Su verdadera voz afloró, sus pensamientos al descubierto:
«Qué extraño. Ha resistido mi encanto».
«Debo encontrar otra manera. Si puedo engañarlo para que me libere, el resto vendrá después».
«¡Maldita Aurelia! Si no fuera por sus celos, nunca habría acabado aquí. Todo porque yo era más hermosa…».
«No importa. Por ahora, me centraré en convencerlo. Unas cuantas promesas vacías no me costarán nada. La mayoría de los contratos no me atan de todos modos».
Los labios de Daniel se curvaron ligeramente.
«Así que este era su juego».
La desesperación que mostraba no era más que otra máscara.
Mientras tanto, Isabella se metió más en su papel.
Su voz brilló con fragilidad mientras arrullaba:
—Apuesto humano, ¿no me ayudarás?
Me duelen mucho los hombros… ¿podrías frotármelos?
Y detrás del tono dulce:
«Si le doy a probar un poco de mi cuerpo, seguro que caerá.
No se me resistirá.
Ni siquiera las mujeres pueden mirarme sin desearme.
Una vez que un hombre me toca, su voluntad está condenada.
No importa lo fuerte que se crea…».
Sus cálculos eran fríos, confiados.
Pero lo que ella no sabía era que Daniel estaba leyendo cada palabra de sus pensamientos internos, cada plan expuesto ante él.
Sin dudarlo, Daniel activó el poder robado de la Corriente del Tiempo, invocando la habilidad que había saqueado: el Corredor del Tiempo.
Su plan era audaz: guardaría a la propia Isabella, junto con el sello que la ataba, directamente en el corredor.
—Rescatarte no es el problema —dijo Daniel al fin, con una sonrisa inofensiva, casi juguetona.
—Pero el cómo te salve… eso será según mis condiciones.
Indefensa, sellada e ignorante de que su corazón era un libro abierto, Isabella no tenía forma de resistirse.
Y así, una idea aún más audaz comenzó a formarse en la mente de Daniel…
Muy lejos, en la frontera norte de las tierras humanas, Malkar alzó la vista al cielo.
Ningún sol brillaba en lo alto.
En su lugar, lo que ardía arriba era la Estrella Oscura Jarvan, que había robado el poder del verdadero sol.
Irradiaba calor y luz, pero su brillo era una pálida imitación de la ardiente majestad de Apolo.

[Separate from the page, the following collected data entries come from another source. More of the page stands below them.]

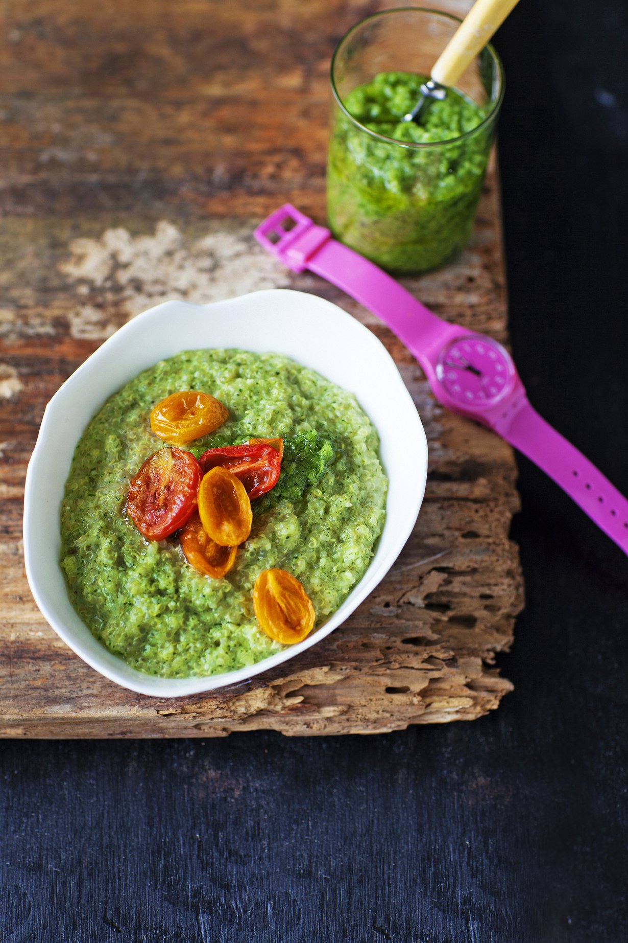 4. Sekoita pesto puuroon ja lisää kirsikkatomaatteja päälle.
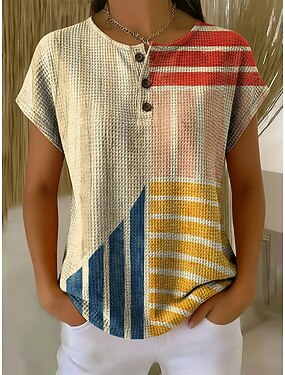 Mulheres Camiseta Imprimir Botões no peito Geométrica à moda Moderno Casual Manga Curta Henley Tops regulares Diário Cáqui Verão Primavera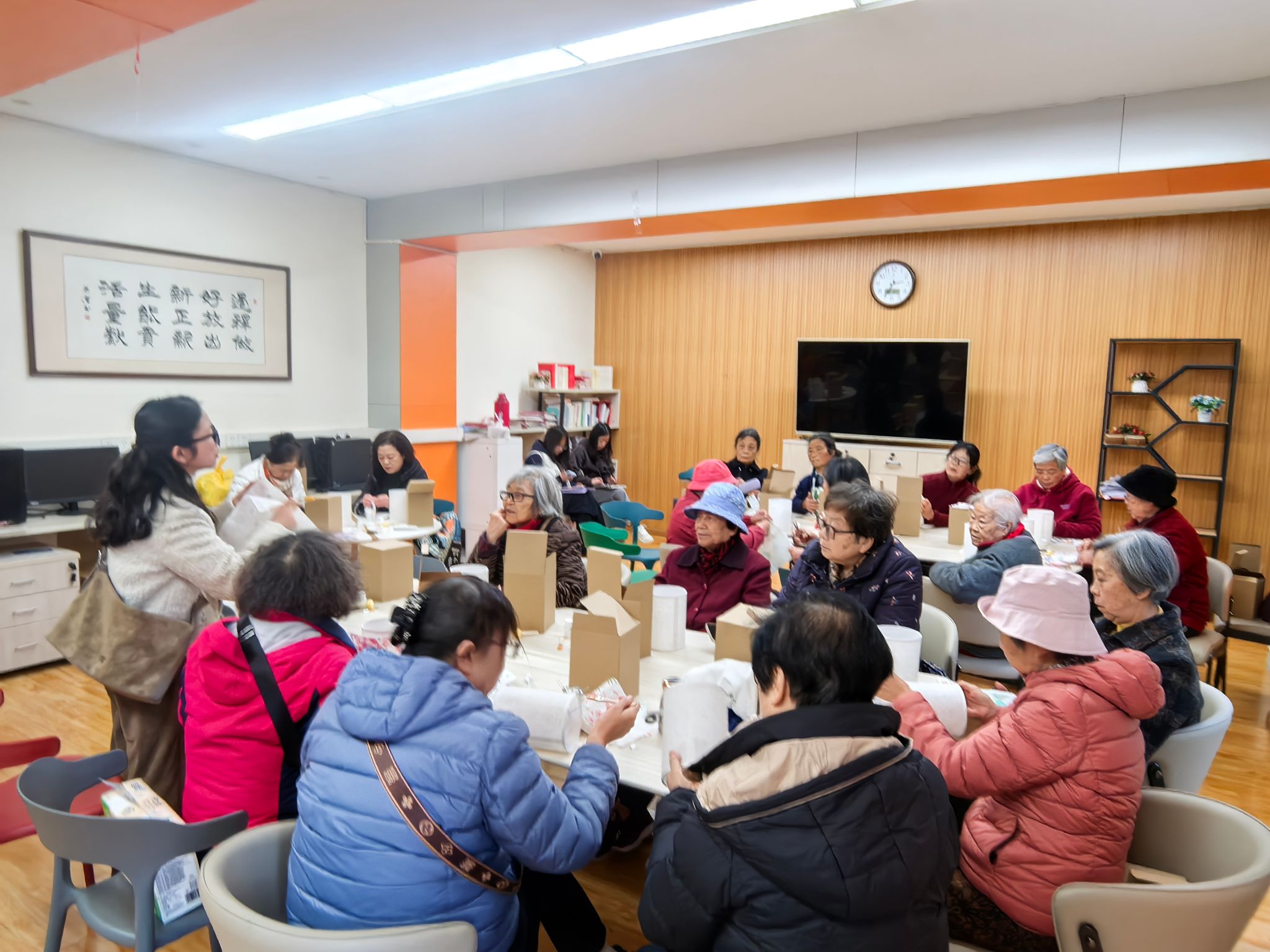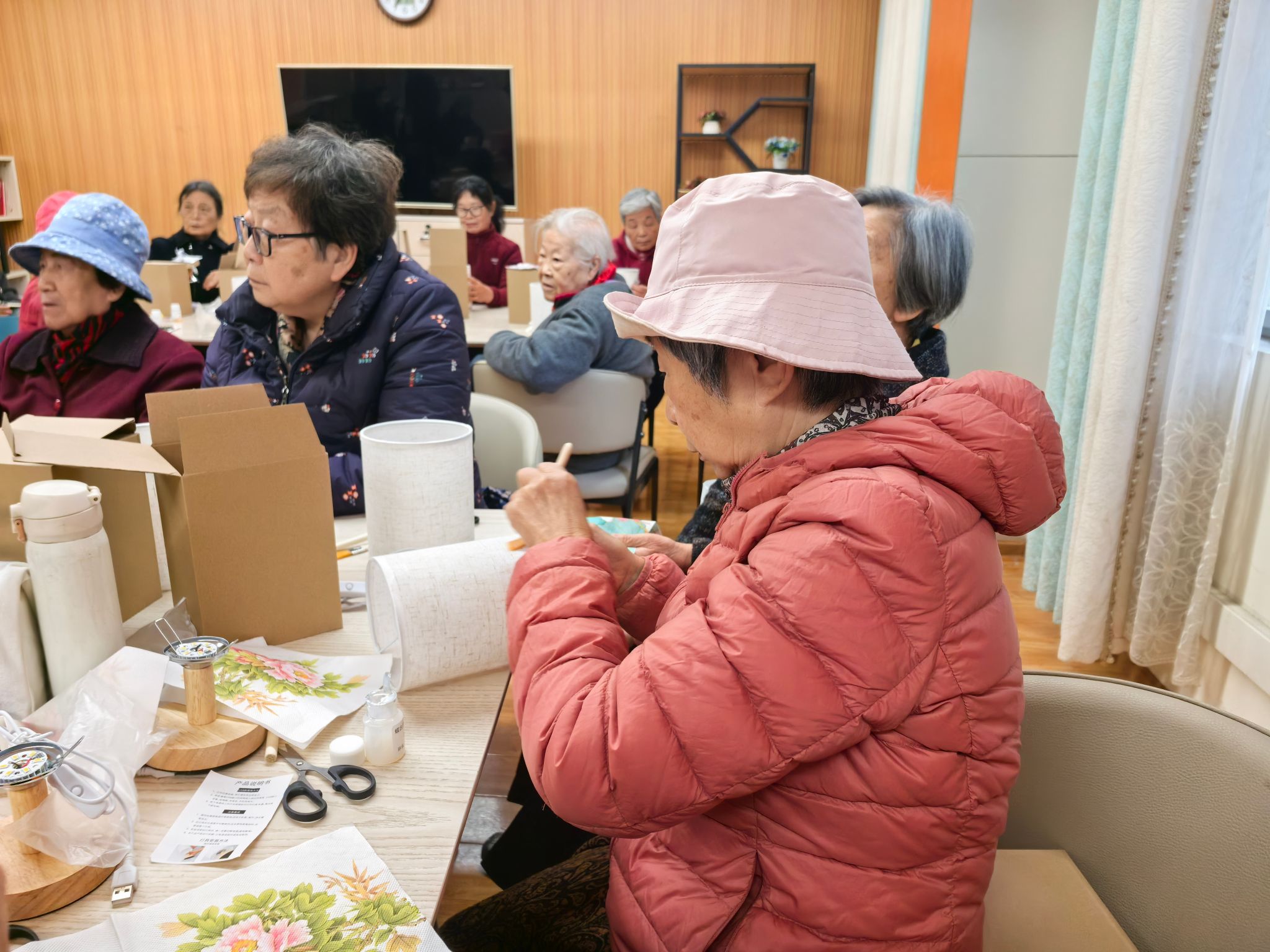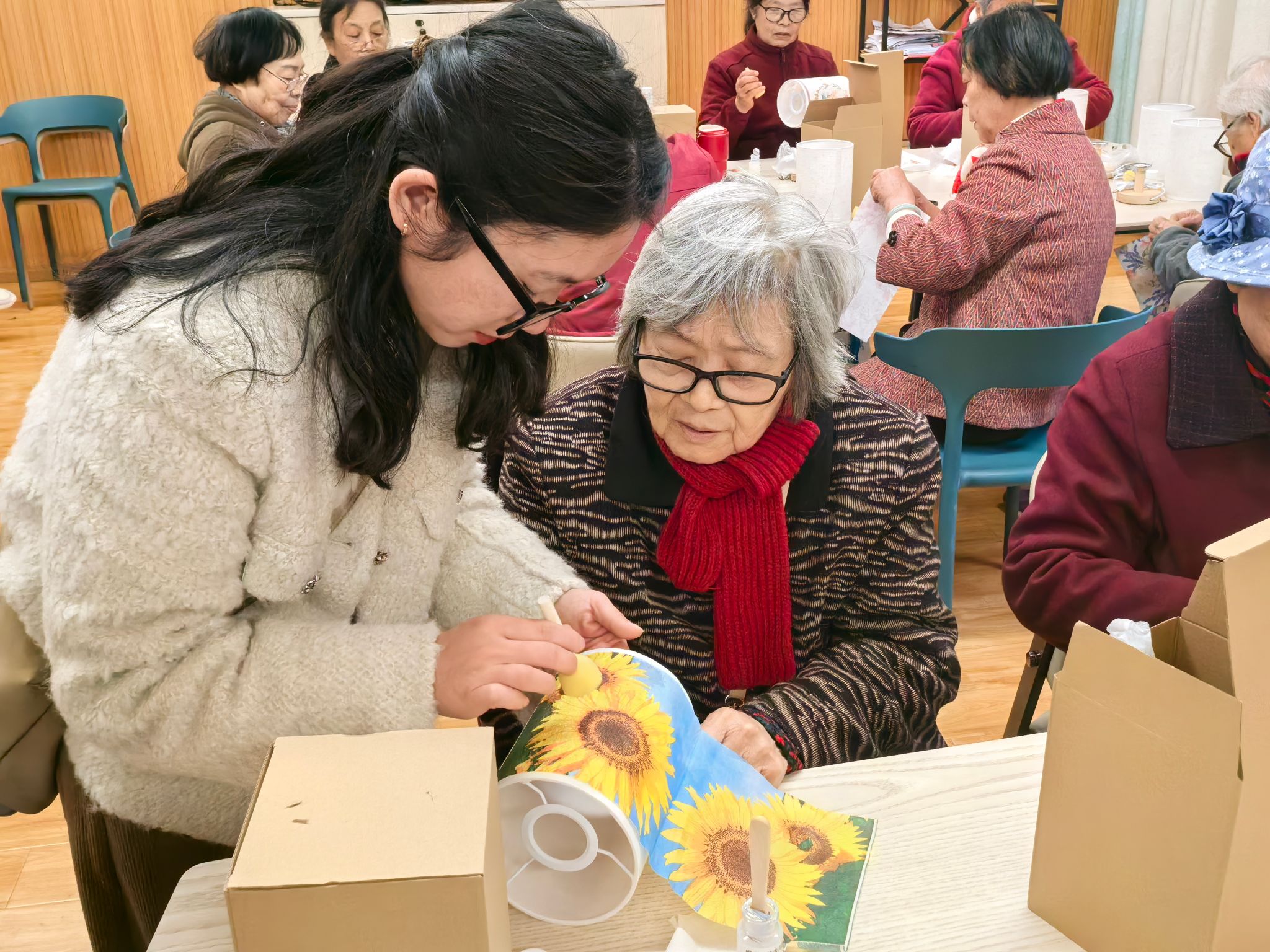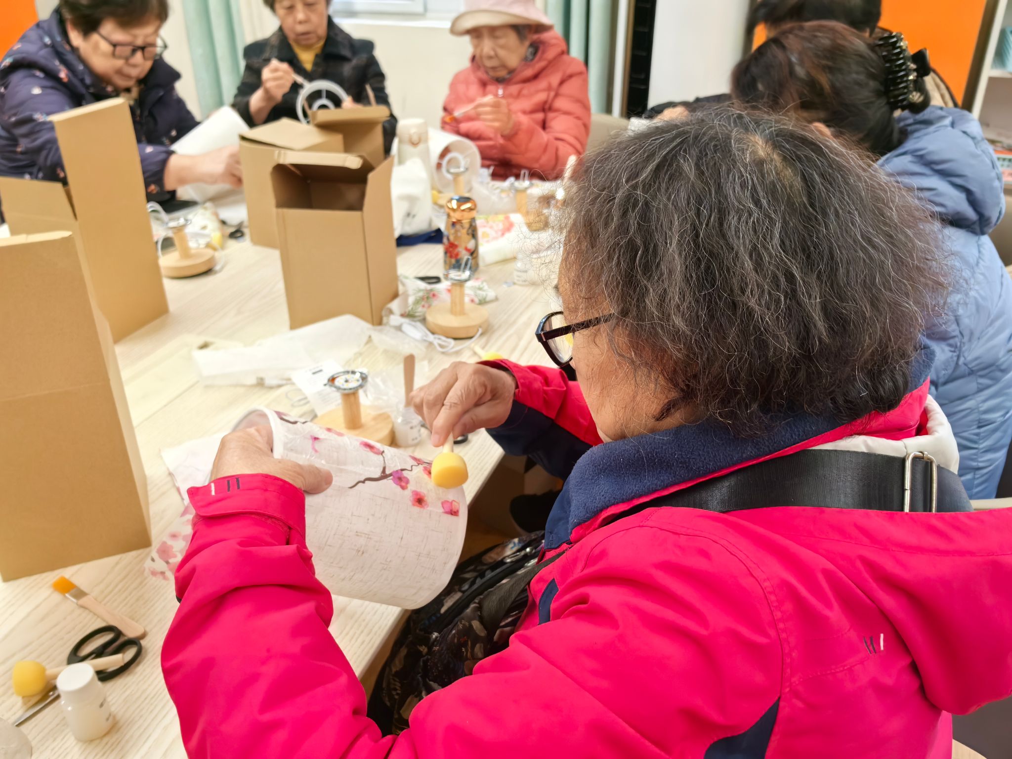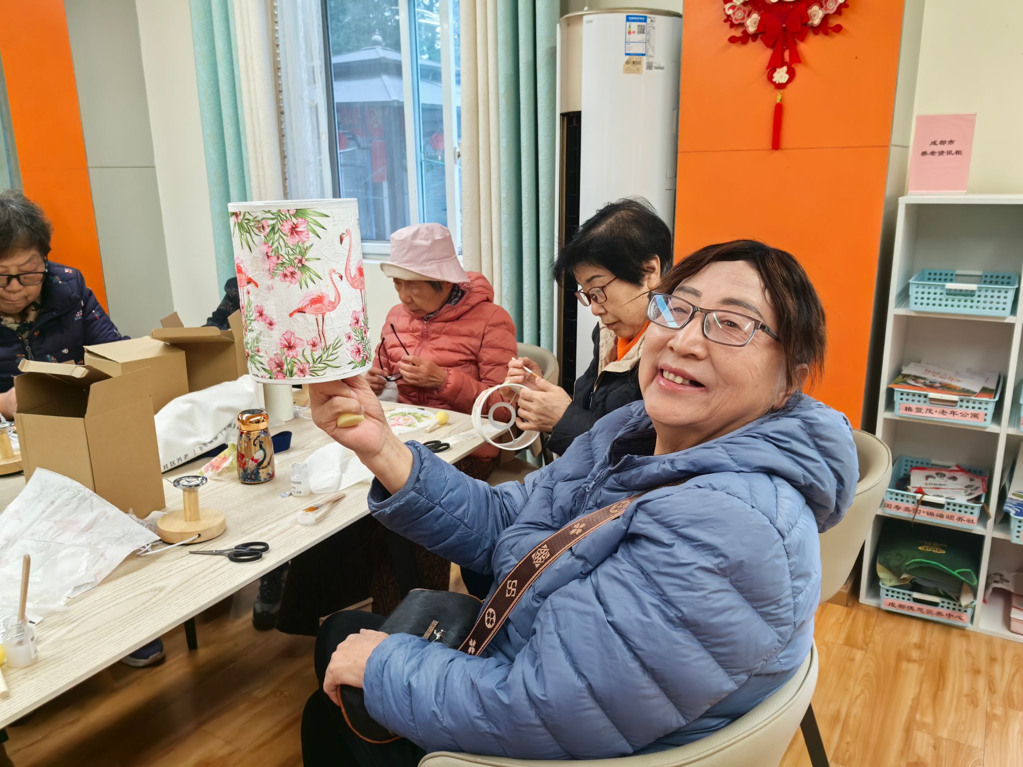 活动现场,手工制作区人气高涨。DIY小台灯环节中,老同志们手持材料包,认真聆听春台悦管家老师的指导,裁剪、拼接、组装有条不紊,一个个造型别致的小台灯在指尖逐渐成型,灯光亮起的瞬间,脸上洋溢着成就感;自制艾草锤环节,大家揉捻艾草、包裹布料、固定绳结,亲手制作的艾草锤散发着天然清香,寄托着对健康的期许。老同志们相互交流技巧、分享心得,现场氛围热闹而融洽。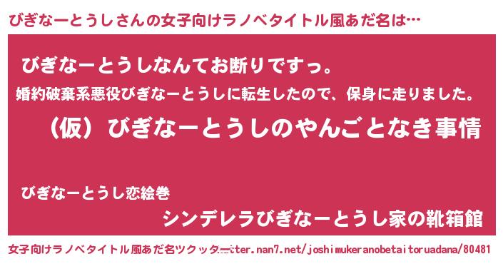 | 胡散臭い通販商品みたいなあだ名 | 『必ず成功する霊験あらたかなお札…その名も「びぎなーとうし」』 |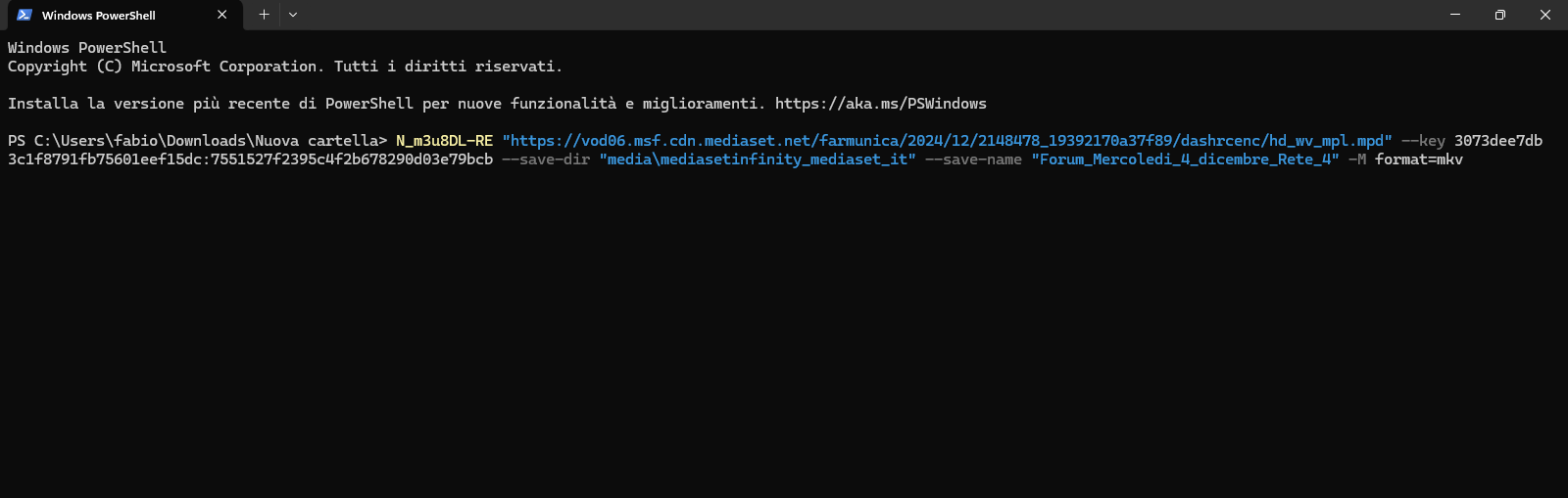 Will becomeCode:N_m3u8DL-RE "https://vod06.msf.cdn.mediaset.net/farmunica/2024/12/2148478_19392170a37f89/dashrcenc/hd_wv_mpl.mpd" --key 3073dee7db3c1f8791fb75601eef15dc:7551527f2395c4f2b678290d03e79bcb --save-dir "media\mediasetinfinity_mediaset_it" --save-name "Forum_Mercoledi_4_dicembre_Rete_4" -M format=mkv

Aun así, la Estrella Oscura era suficiente.
Su resplandor daba a las criaturas del continente un momento de respiro, una frágil ilusión de estabilidad.
Las lianas de Malkar temblaron ligeramente mientras miraba al cielo.
Le dolía el corazón.
Todavía no había visto al verdadero Apolo con sus propios ojos, ni una sola vez desde que dejó el abismo.
Sí, había dejado atrás el abismo.
Él, una vez Emperador del abismo, había pisado el mundo de la superficie.
Y cuando emergió a la luz, fue aquí, en medio de las gélidas e implacables tierras de la frontera norte humana.
Aunque se había preparado para lo que le esperaba, la vista ante él todavía lo dejó conmocionado.